PROCESSUAL CIVIL — AREsp 2910759
Análise documental baseada na ementa oficial do Superior Tribunal de Justiça, organizada para consulta e compreensão do precedente.
Comentário editorial
Nesta leitura jurisprudencial, a decisão é situada por classe, competência e órgão julgador. O registro corresponde a AREsp, apreciado por TERCEIRA TURMA, sob relatoria de MOURA RIBEIRO. Esses elementos ajudam a avaliar o alcance processual do pronunciamento.
O precedente deve ser confrontado com a moldura fática, a questão jurídica decidida, eventuais requisitos de admissibilidade e a legislação mencionada.
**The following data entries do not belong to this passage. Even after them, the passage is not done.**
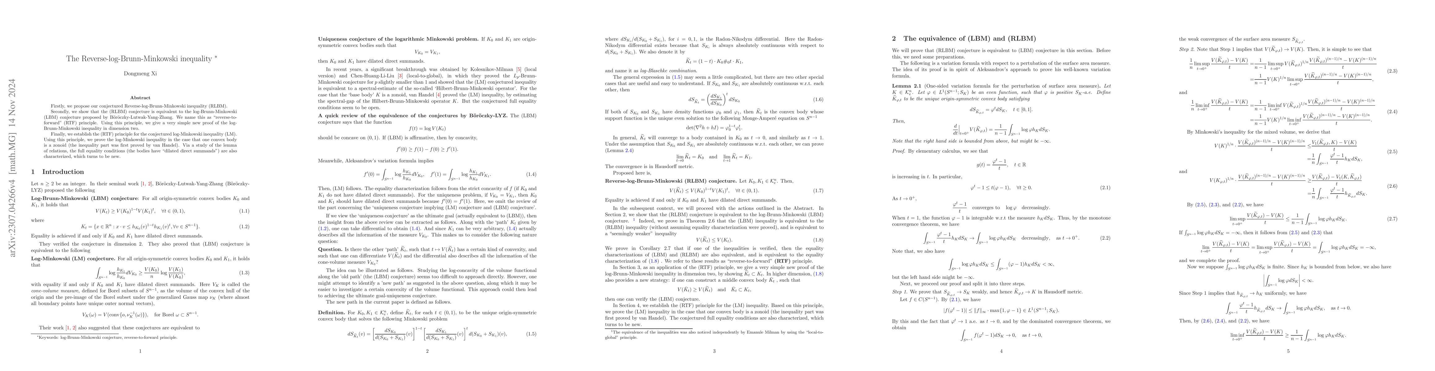 Summary: The paper introduces a conjectured Reverse-log-Brunn-Minkowski inequality (RLBM) and demonstrates its equivalence to the log-Brunn-Minkowski (LBM) conjecture, establishing a "reverse-to-forward principle." This principle is used to provide a simplified proof of the LBM inequality in dimension two and extend it to prove the log-Minkowski inequality under specific conditions, while also characterizing new equality conditions.
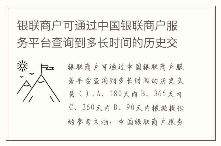 银联商户可通过中国银联商户服务平台查询到多长时间的历史交易().A、180天内 B、365天内 C、360天内 D、90天内
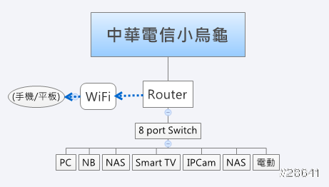 進入管理介面設定前,個人先簡單介紹一下自己使用環境,房屋大小約30坪左右格局為長方型,結構為3房2衛1廳,因數年前曾重新裝潢,故家中收納或衣廚櫃多為隱藏式設計。我用繪圖軟體簡單的標示一下房間內的相對位置,與接線方式。
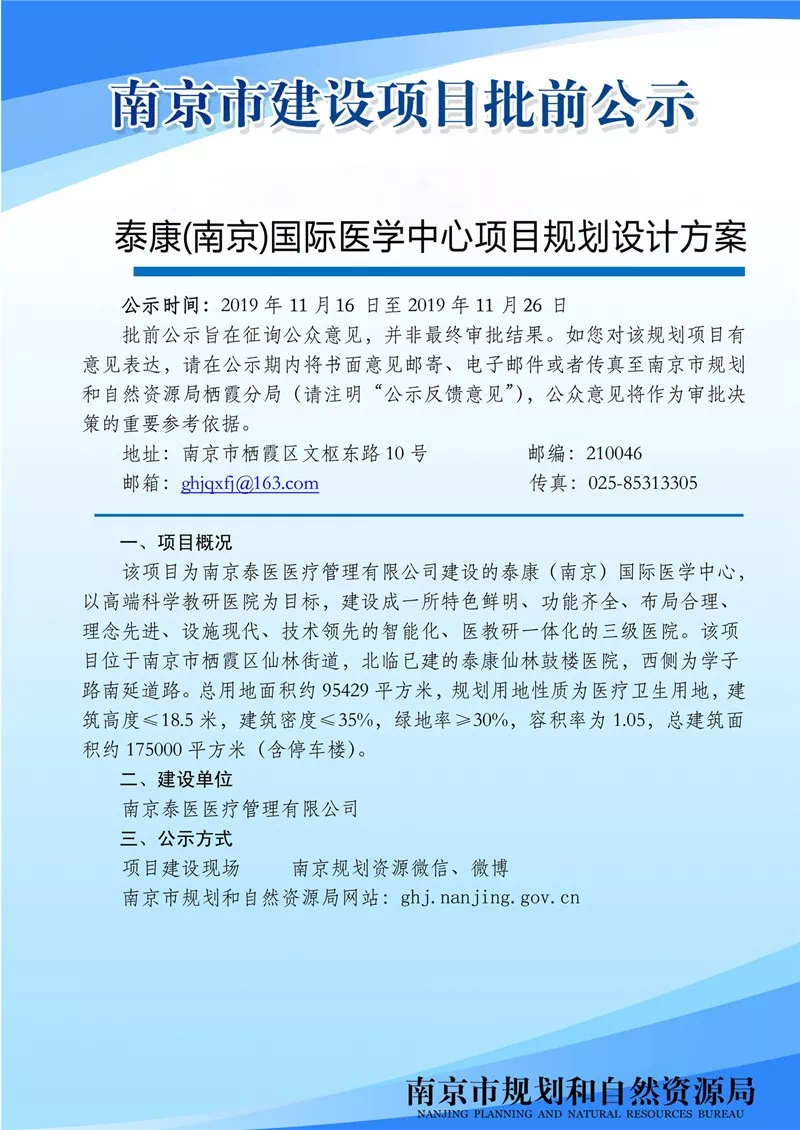 泰康(南京)国际医学中心项目规划设计方案批前公示该项目为南京泰医医疗管理有限公司建设的泰康(南京)国际医学中心,以高端科学教研医院为目标,建设成一所特色鲜明、功能齐全、布局合理、理念先进、设施现代、技术先进的智能化、医教研一体化的三级医院。具体规划公示详见下图。

Os destaques abaixo funcionam como mapa de leitura da ementa, não como substituto do inteiro teor ou de pesquisa sobre decisões posteriores.
Pontos centrais da ementa
- DIREITOS AQUISITIVOS DERIVADOS DE ALIENAÇÃO FIDUCIÁRIA.
- Na origem, em execução movida pela instituição credora contra um dos coproprietários do imóvel, foi determinada a penhora dos direitos aquisitivos decorrentes de contrato de alienação fiduciária.
- O coproprietário estranho à execução opôs embargos de terceiro alegando tratar-se de bem de família indivisível.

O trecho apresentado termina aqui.